How Tokenization Works

LLMs don’t process text character by character or word by word — they process tokens, which are chunks of text that can range from a single character to a full word or even a multi-word phrase.

Byte Pair Encoding (BPE)

OpenAI’s models (GPT-3.5, GPT-4, GPT-4o) use Byte Pair Encoding, implemented in the tiktoken library. BPE starts with individual bytes and iteratively merges the most frequently co-occurring pairs into a single token. The result is a vocabulary of ~100,000 tokens where common English words are single tokens, rare words are split into subwords, and arbitrary byte sequences can always be encoded.

Examples under BPE:

"hello" → 1 token
"tokenization" → 3 tokens (token, ization, possibly split differently)
"supercalifragilistic" → many tokens (uncommon word, split into subword pieces)
Code like "for i in range(10):" → ~7 tokens (each symbol may be a separate token)

SentencePiece

Meta’s Llama models use SentencePiece, a language-agnostic tokenizer that works directly on the raw text stream. It’s similar to BPE conceptually but can produce different tokenizations for the same text — which is why the same prompt might use 2,100 tokens on GPT-4 and 1,900 tokens on Llama 3.1.

Anthropic’s Tokenizer

Claude models use a custom tokenizer similar in design to BPE. Anthropic doesn’t publish the exact vocabulary, but empirically Claude’s token counts are close to GPT-4’s for English text.

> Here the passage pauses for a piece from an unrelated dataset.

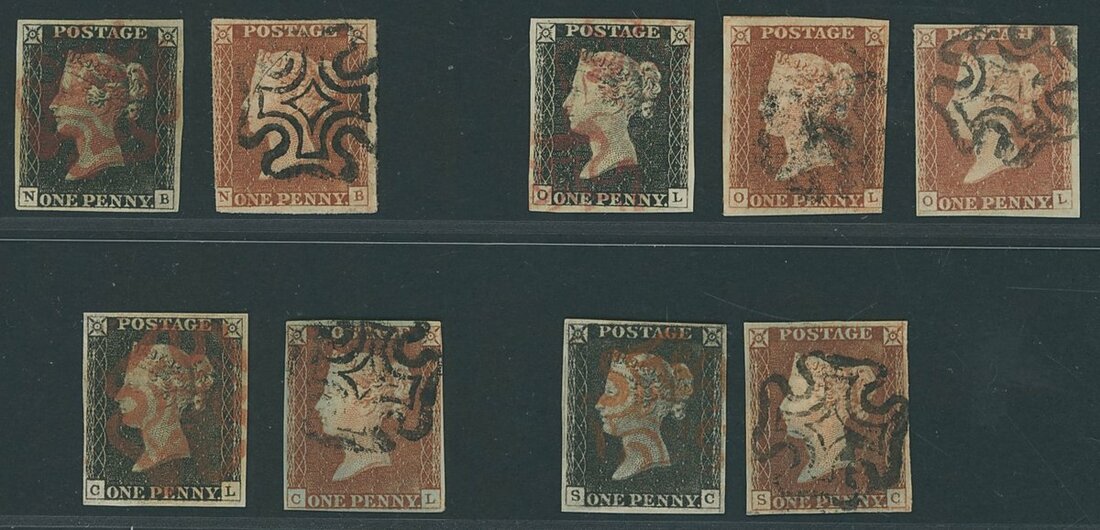 Four matched pairs: CL, NB, OL and SC. All the blacks cancelled by red Maltese Crosses, the reds cancelled by black Maltese Crosses. All with four margins with exception of 1d. red NB. Fine and scarce.

Token Counts Across Models

The same input text produces different token counts across models because each model uses a different vocabulary:

Text	GPT-4 (BPE)	Llama 3.1 (SP)	Approximate ratio
English prose	baseline	~5% lower	~0.95×
Python code	baseline	~10% higher	~1.10×
JSON data	baseline	~15% higher	~1.15×
Chinese text	baseline	~30% lower	~0.70×

This tool uses a word-based approximation (tokens ≈ words × 1.3) which is accurate to within ~15% for typical English text. For production budgeting, use the exact tokenizer: tiktoken for OpenAI models, transformers tokenizer for Llama, or Anthropic’s token counting API.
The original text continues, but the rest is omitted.